◆ Exercise input ◆

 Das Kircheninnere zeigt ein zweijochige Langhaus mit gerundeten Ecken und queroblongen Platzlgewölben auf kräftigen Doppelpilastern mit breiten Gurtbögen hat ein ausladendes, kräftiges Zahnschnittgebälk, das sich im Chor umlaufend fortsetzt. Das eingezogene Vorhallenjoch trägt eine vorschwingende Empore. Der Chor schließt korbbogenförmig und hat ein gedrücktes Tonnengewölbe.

==

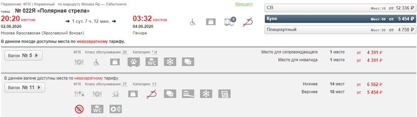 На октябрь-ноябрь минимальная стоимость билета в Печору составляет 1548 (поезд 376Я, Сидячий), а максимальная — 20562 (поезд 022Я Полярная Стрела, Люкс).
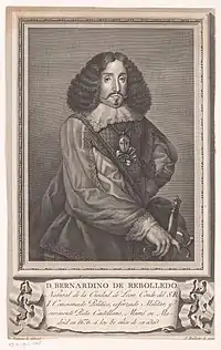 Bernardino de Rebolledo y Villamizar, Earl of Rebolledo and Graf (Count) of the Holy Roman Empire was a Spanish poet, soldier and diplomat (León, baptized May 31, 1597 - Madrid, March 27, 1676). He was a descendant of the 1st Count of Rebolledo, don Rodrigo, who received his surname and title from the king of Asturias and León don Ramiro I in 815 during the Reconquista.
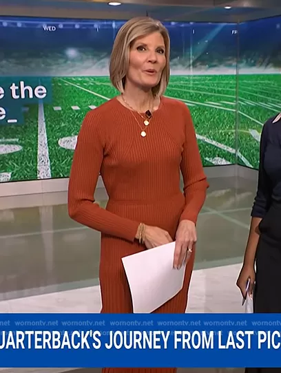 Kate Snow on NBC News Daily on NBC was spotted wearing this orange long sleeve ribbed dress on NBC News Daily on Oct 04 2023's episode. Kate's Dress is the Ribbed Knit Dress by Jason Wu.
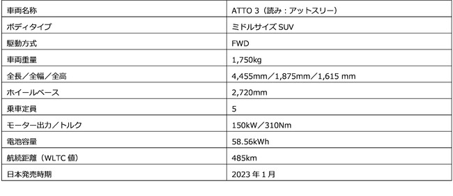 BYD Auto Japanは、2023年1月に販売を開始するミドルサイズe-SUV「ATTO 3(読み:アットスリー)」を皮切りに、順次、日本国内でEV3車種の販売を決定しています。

◆ Your goal ◆
Within the listing above, write out the stretch from the line with "На октябрь-ноябрь минимальная" through the line with "BYD Auto Japanは、2023年1月に販売を開始するミドルサイズe-SUV「ATTO" exactly. Any pictures are to be left out.

◆ Written solution ◆
 На октябрь-ноябрь минимальная стоимость билета в Печору составляет 1548 (поезд 376Я, Сидячий), а максимальная — 20562 (поезд 022Я Полярная Стрела, Люкс).
 Bernardino de Rebolledo y Villamizar, Earl of Rebolledo and Graf (Count) of the Holy Roman Empire was a Spanish poet, soldier and diplomat (León, baptized May 31, 1597 - Madrid, March 27, 1676). He was a descendant of the 1st Count of Rebolledo, don Rodrigo, who received his surname and title from the king of Asturias and León don Ramiro I in 815 during the Reconquista.
 Kate Snow on NBC News Daily on NBC was spotted wearing this orange long sleeve ribbed dress on NBC News Daily on Oct 04 2023's episode. Kate's Dress is the Ribbed Knit Dress by Jason Wu.
 BYD Auto Japanは、2023年1月に販売を開始するミドルサイズe-SUV「ATTO 3(読み:アットスリー)」を皮切りに、順次、日本国内でEV3車種の販売を決定しています。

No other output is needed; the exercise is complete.